Re: [Pgubook-readers] Re: Pgubook-readers Digest, Vol 6, Issue 1

[Jonathan Bartlett]

> >However I'm stuck at chapter four on Recursive Functions, can anyone
> >explain this example in details. I get the main ideéa but really don't
> >understand how the computer handles the function part.
> >

> >
> okey, so I have experimented some more... Is this right:
> %eax first become 3 then 2  (multiply these two values = 6) and then 1
> (total 6) so when the code after the second factorial call is beeing
> used %eax = 6 and 8(%ebp) later to be %ebx is 4. Is this right?

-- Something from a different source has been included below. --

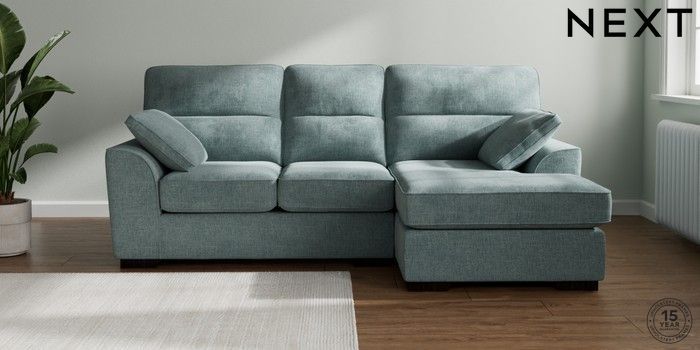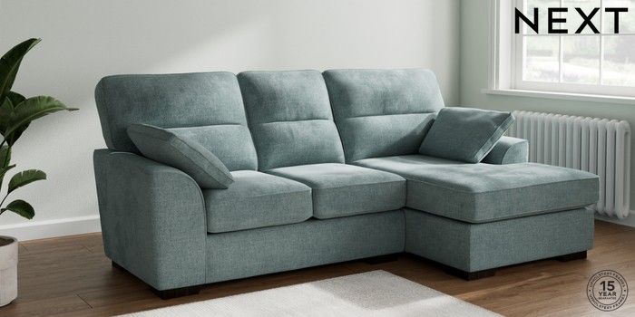 7.2.10 Stamford Highback Small Sofa Chaise - Right Hand Chunky Chenille Light Teal Green Large Square Angle - Dark | Made Click here to use our website with more accessibility support, for example screen readers

Probably
> not, however it's this step I don't understand?
>

I'm not quite sure I understand your question.  Basically, %eax starts off
at 4.  It then suspends the current function to call itself with a lower
value, and calls itself w/ 3.  It then suspends itself and calls itself w/
2, it then suspends itself and calls itself with 1.  1 is the base case,
and we know that the factorial of 1 is 1.  So then you re-activate the
procedures before it with your results.  2*1 is 2.  Now we go back to the
previous function - 2 * 3 is 6.  Now we go to the previous function - 6 *
4 is 24.  Look at it like this:

factorial of 4 =

  4 * factorial(3) -- BEFORE we can answer this we have to find factorial(3)

factorial(3) =
  3 * factorial(2) -- BEFORE we can answer this we have to find factorial(2)

factorial(2) =
  2 * factorial(1) -- BEFORE we can answer this we have to find factorial(1)

factorial(1) =
  1

  Now we can finish the answers to our previous equations: 2 * 1 = 2.  2 *
3 = 6.  6 * 4 = 24.

The way that the computer keeps track of the state of the previous
functions is through the stack.  Each call to factorial moves the stack
pointer to a new location, so each call has its own parameters.

Jon